TASK OBJECTIVE: A word-for-word copy is needed of the line containing "En 2024, le" and every line after it through the end of the records below, leaving out all pictures.

SUPPLIED INFORMATION:

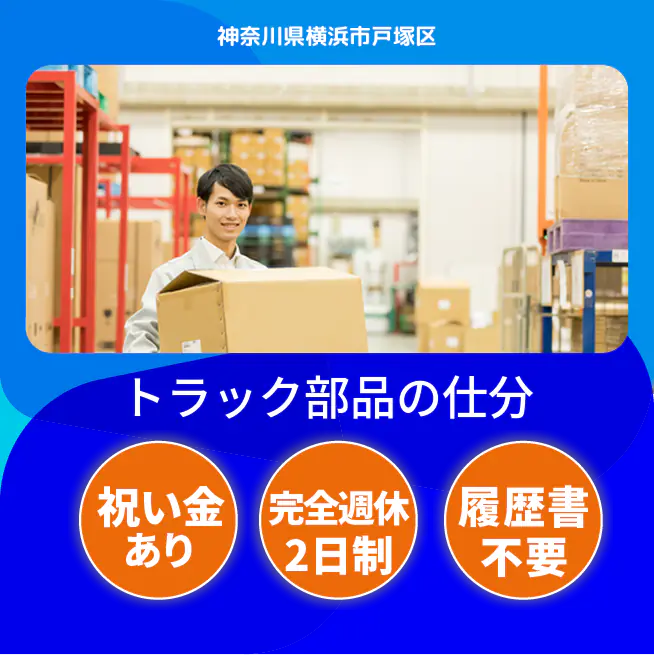 トラック部品の仕分【3ヶ月毎に精皆勤手当最大7.2万円!】未経験OK!月収30万円以上可!土日休み!
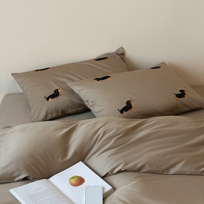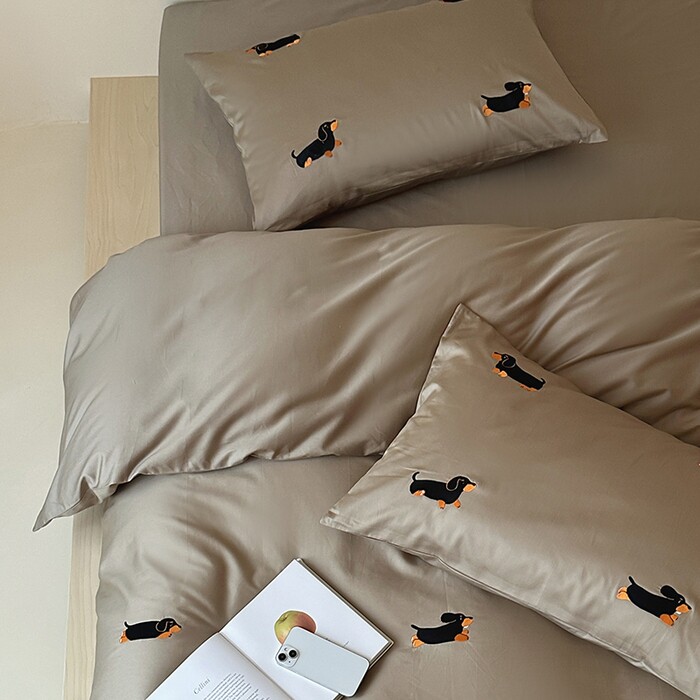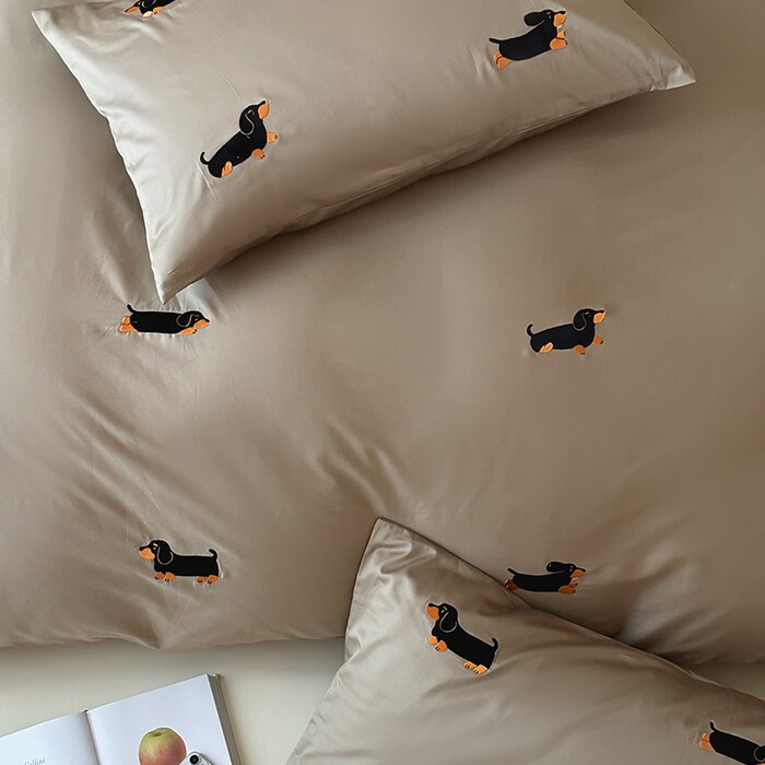 轻奢居家50s长绒棉全棉纯棉四件套热款卡通小狗刺绣简约绣花套件
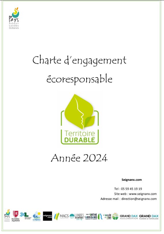 En 2024, le PETR Adour Landes Océanes a mis en place une charte d’engagement responsable que l’office de tourisme du Seignanx a signée. Elle s’inscrit dans la démarche Tourisme Durable qui est menée de manière partenariale entre offices de tourisme, intercommunalités, le PETR et les partenaires touristiques intéressés. Ainsi, les signataires s’engagent à respecter 10 critères déclinés en 26 actions (cf. charte d’engagement écoresponsable 2024).
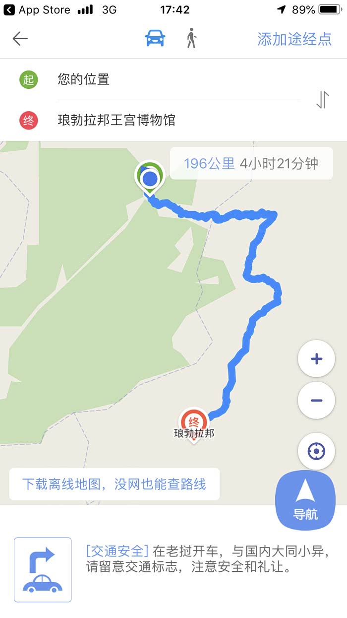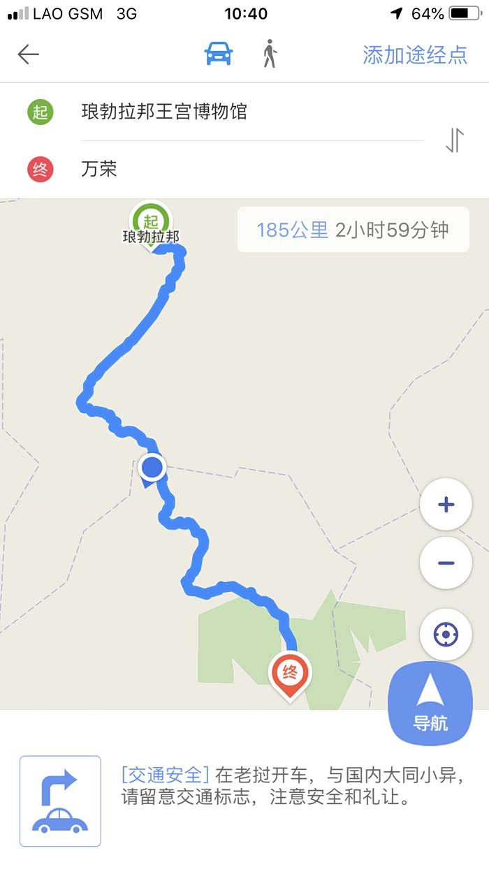 国内经常使用的导航基本上无法使用,只显示公路名称(老挝唯一的主班干道13号公路)和大约路长多少公里和行驶时间。
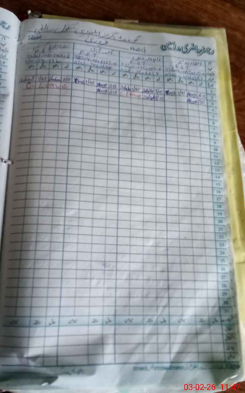 | CNIC | Full Name | Designation | R/C | Absence During Last Calender Month |
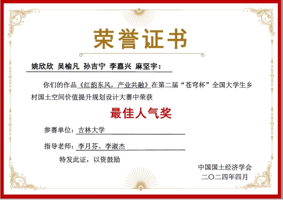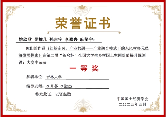 由中国国土经济学会、“科创中国”乡村振兴联合体、中国高等教育学会资源能源教育分会主办,中国地质大学(北京)承办的第二届“苍穹杯”全国老员工乡村国土空间价值提升规划设计大赛总决赛于2024年4月19日-21日在中国地质大学(北京)举行。公司伟德体育伟德体育官方网站由李月芬和李淑杰老师指导,本科生姚欣欣(组长)、吴榆凡、孙吉宁、李嘉兴和麻坚宇五位同学组成的伟德体育伟德体育官方网站代表队参赛作品《红韵东风,产业共融——产业融合模式下的东风村多元经济发展探索》荣获一等奖,单项奖最佳汇报奖和最佳人气奖。

YOUR SOLUTION:
 En 2024, le PETR Adour Landes Océanes a mis en place une charte d’engagement responsable que l’office de tourisme du Seignanx a signée. Elle s’inscrit dans la démarche Tourisme Durable qui est menée de manière partenariale entre offices de tourisme, intercommunalités, le PETR et les partenaires touristiques intéressés. Ainsi, les signataires s’engagent à respecter 10 critères déclinés en 26 actions (cf. charte d’engagement écoresponsable 2024).
 国内经常使用的导航基本上无法使用,只显示公路名称(老挝唯一的主班干道13号公路)和大约路长多少公里和行驶时间。
 | CNIC | Full Name | Designation | R/C | Absence During Last Calender Month |
 由中国国土经济学会、“科创中国”乡村振兴联合体、中国高等教育学会资源能源教育分会主办,中国地质大学(北京)承办的第二届“苍穹杯”全国老员工乡村国土空间价值提升规划设计大赛总决赛于2024年4月19日-21日在中国地质大学(北京)举行。公司伟德体育伟德体育官方网站由李月芬和李淑杰老师指导,本科生姚欣欣(组长)、吴榆凡、孙吉宁、李嘉兴和麻坚宇五位同学组成的伟德体育伟德体育官方网站代表队参赛作品《红韵东风,产业共融——产业融合模式下的东风村多元经济发展探索》荣获一等奖,单项奖最佳汇报奖和最佳人气奖。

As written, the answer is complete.